The image of the lone abseiler lowering himself down the biomes at the Eden Project (right), is a dramatic picture which emphasises the scale of the engineering technology involved in the project.
The abseiler is an employee of Vector Special Projects, the designer, manufacturer, supplier and installer of the ETFE inflatable roofing solution, carrying out the final checks on the foil roof. As far as Ben Morris, the founder of the company, is concerned, the project could not have happened without the material.

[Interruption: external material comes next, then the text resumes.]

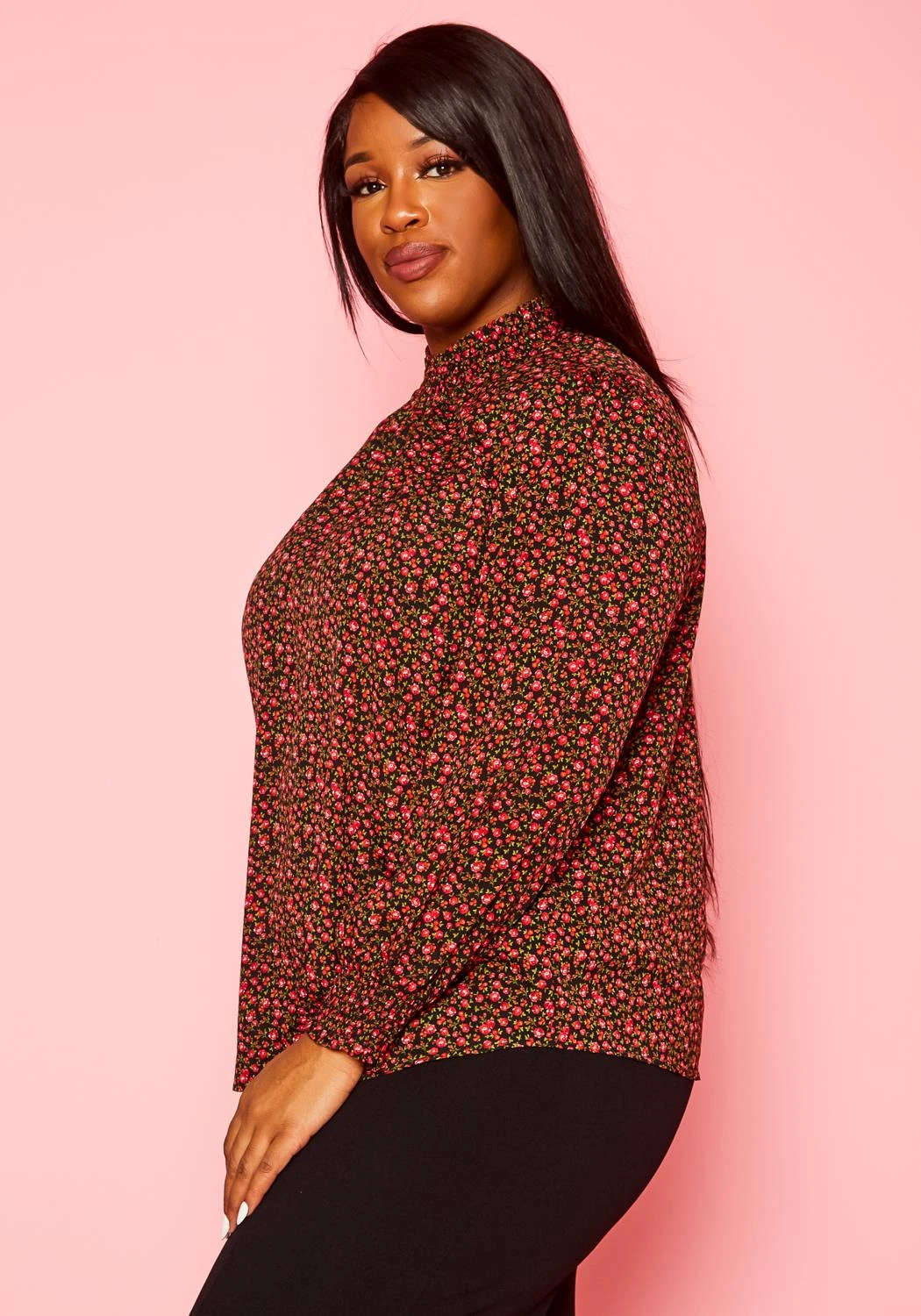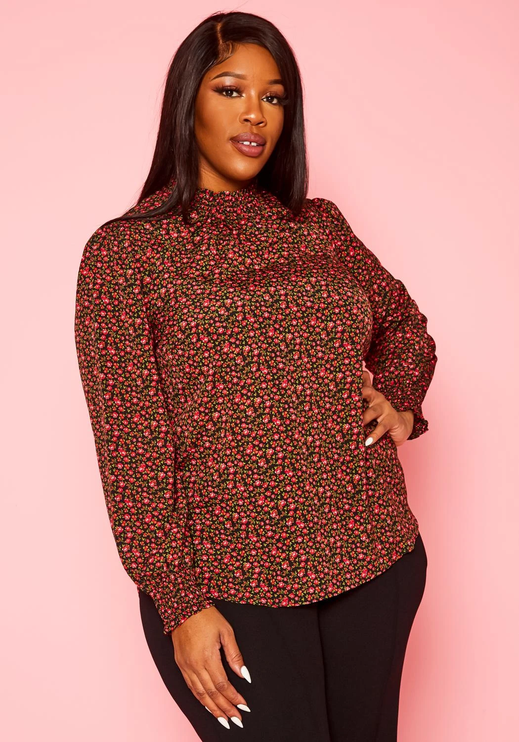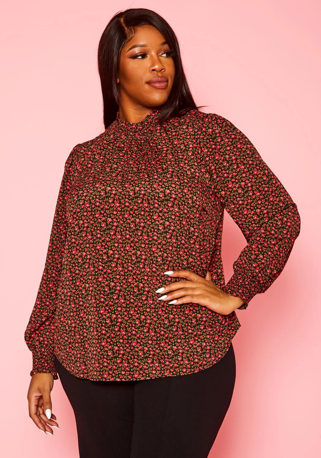 Lovely plus size women’s long sleeve blouse in rose floral pattern, smocked high neckline, smocked wrist cuffs and back button closure.

Modesty aside, the material, known as Texlon, certainly has the potential to revolutionise the way large-span roofs are put together. The sizes of the structural members at Eden, for example, would have been prohibitively large to support a traditional glazing solution and transparent plastics would have degraded and could not have supported the geometries involved. It is its geometric flexibility and lightness which are just some of the keys to the material's future.
Traditional rigid-edge roofing or cladding has its weak points at the edges. Whether it is patent glazing systems at its frames, or composite panels and their gaskets, the movement inherent in any building causes these boundary edges to fail over time. In essence, the structure moves, the glass panels expand and contract within the frame, and this differential movement is experienced as a frictional force at the interface between the two. The unique feature of the Texlon panel system is that the movement is taken up within the ETFE material itself.Morris calls this a 'soft-tech', rather than hi-tech, solution to movement joints.
Each panel comprises three layers of ETFE (although higher specifications can include up to five layers), an extruded film of about 10 thickness. The three layers are not bonded together but are wrapped around a kader (rod) which then slots loosely into an aluminium extrusion. When the capping extrusion is fitted, it clamps down, compressing the three layers between gaskets to make an airtight seal and the composite aluminium extrusion thus forms a frame around the threelayer foil panel. A plastic plenum feed from a small generator or similar, delivers air to inflate the panel, hence the description of the panels as 'cushions'.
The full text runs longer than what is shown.